**WHAT THE TASK REQUIRES**
Only the lines below from the one that contains "Chupones con tetina" through the one that contains "Set of black" should appear in your answer, exact and without pictures.

**ENTRIES SHOWN**
☆ ☆ ☆
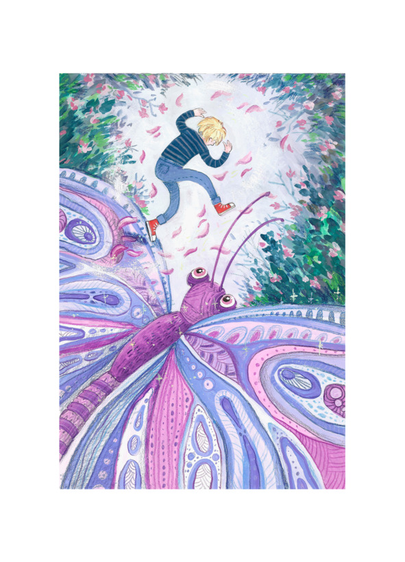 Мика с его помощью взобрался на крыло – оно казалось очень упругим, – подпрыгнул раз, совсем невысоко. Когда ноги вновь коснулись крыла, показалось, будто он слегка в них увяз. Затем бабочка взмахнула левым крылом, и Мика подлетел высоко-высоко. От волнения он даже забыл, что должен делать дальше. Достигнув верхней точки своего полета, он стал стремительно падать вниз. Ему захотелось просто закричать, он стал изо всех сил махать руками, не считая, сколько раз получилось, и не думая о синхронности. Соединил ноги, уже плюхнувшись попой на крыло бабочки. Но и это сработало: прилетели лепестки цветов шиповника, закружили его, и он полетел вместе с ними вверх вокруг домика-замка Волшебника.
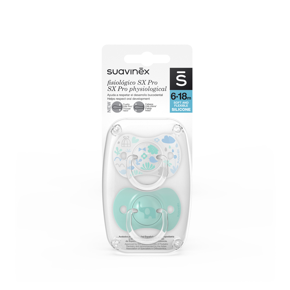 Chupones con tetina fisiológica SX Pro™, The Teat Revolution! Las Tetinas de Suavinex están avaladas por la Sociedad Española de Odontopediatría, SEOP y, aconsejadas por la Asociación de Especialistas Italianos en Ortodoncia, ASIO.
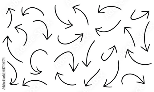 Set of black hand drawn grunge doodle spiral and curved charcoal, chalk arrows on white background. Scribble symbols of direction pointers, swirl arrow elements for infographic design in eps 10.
☆ ☆ ☆
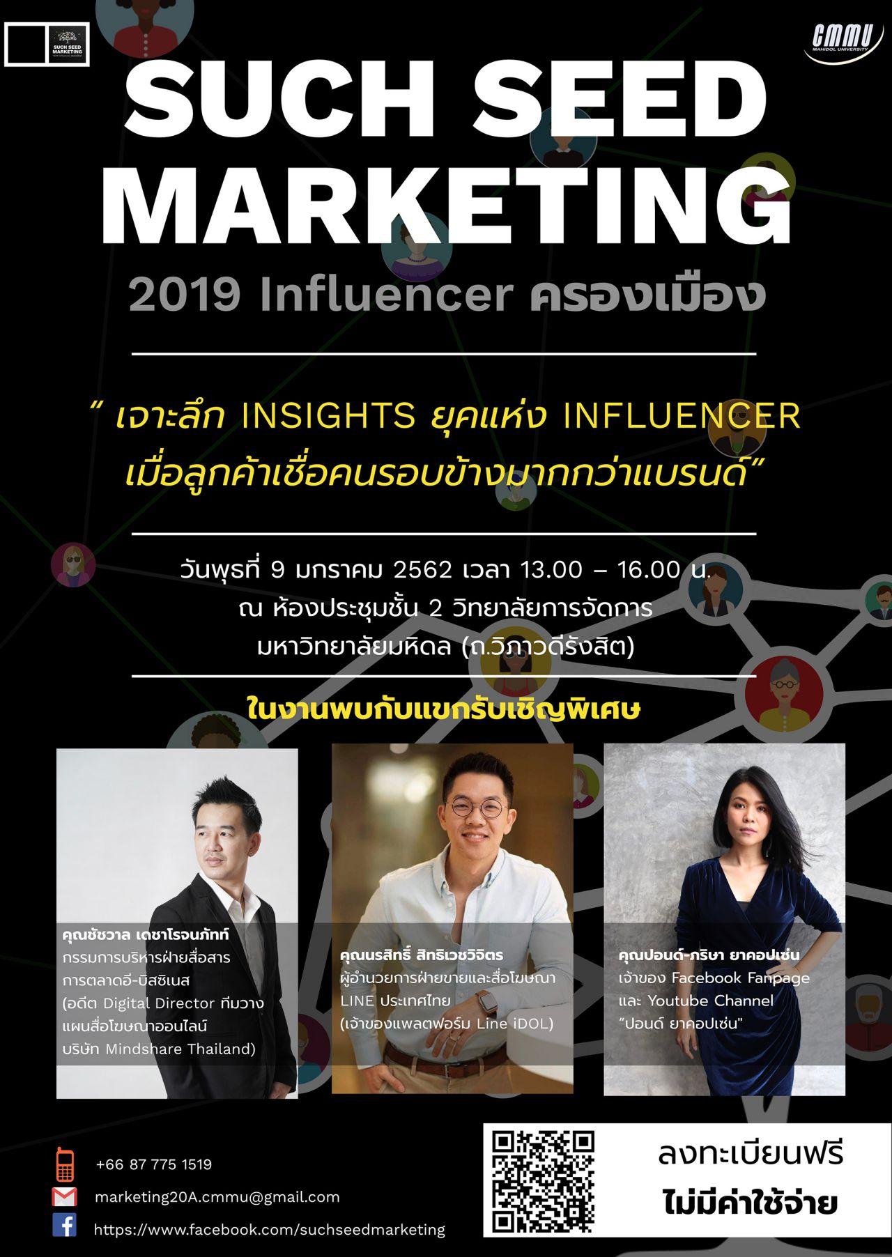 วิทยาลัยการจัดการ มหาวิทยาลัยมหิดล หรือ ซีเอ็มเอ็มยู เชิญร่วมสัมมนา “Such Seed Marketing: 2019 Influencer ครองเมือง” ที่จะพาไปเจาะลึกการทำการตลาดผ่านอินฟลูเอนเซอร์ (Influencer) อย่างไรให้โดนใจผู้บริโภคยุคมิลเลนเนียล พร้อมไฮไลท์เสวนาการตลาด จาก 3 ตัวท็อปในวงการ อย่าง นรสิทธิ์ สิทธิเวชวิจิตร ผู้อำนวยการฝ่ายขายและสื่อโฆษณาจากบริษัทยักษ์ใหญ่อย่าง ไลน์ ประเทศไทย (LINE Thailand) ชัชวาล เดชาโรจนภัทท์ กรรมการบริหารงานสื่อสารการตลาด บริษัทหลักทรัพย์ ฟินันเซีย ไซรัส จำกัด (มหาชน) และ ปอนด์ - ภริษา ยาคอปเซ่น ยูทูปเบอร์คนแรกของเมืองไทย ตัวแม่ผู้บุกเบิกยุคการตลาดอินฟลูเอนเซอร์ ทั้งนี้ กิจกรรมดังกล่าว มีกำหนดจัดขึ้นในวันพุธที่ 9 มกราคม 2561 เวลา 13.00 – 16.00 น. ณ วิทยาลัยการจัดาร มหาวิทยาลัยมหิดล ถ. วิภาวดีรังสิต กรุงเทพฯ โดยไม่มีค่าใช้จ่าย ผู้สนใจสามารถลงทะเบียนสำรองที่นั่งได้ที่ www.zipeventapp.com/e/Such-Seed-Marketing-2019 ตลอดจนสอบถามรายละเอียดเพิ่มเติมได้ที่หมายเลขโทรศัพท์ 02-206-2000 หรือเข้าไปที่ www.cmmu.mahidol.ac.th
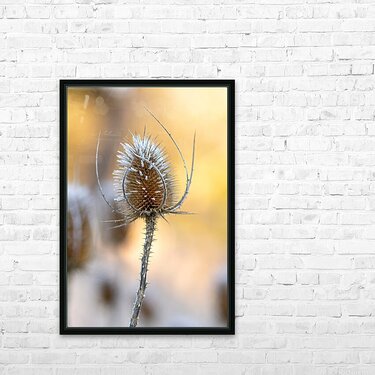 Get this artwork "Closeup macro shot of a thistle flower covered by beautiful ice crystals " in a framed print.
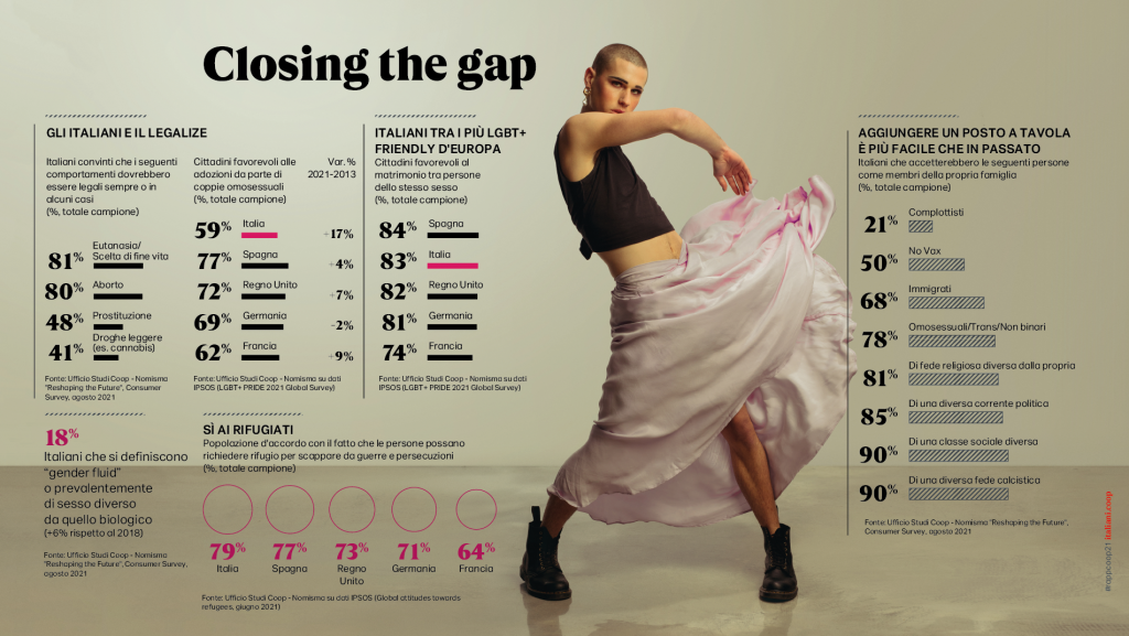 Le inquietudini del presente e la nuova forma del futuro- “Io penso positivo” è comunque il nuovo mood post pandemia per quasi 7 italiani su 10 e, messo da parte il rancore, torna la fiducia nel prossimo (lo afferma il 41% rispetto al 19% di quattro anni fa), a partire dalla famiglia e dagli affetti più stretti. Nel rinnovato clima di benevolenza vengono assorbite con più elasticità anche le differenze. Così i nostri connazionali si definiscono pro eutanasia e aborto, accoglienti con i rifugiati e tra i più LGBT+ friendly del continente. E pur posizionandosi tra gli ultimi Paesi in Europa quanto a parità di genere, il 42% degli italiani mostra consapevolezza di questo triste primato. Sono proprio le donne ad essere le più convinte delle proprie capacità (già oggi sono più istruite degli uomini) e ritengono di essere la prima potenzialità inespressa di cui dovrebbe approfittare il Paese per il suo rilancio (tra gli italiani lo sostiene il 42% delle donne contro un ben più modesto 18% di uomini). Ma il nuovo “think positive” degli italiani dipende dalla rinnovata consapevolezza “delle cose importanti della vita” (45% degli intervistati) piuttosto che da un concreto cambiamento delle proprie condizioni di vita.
☆ ☆ ☆
**SOLUTION FOR THIS PROBLEM**
 Chupones con tetina fisiológica SX Pro™, The Teat Revolution! Las Tetinas de Suavinex están avaladas por la Sociedad Española de Odontopediatría, SEOP y, aconsejadas por la Asociación de Especialistas Italianos en Ortodoncia, ASIO.
 Set of black hand drawn grunge doodle spiral and curved charcoal, chalk arrows on white background. Scribble symbols of direction pointers, swirl arrow elements for infographic design in eps 10.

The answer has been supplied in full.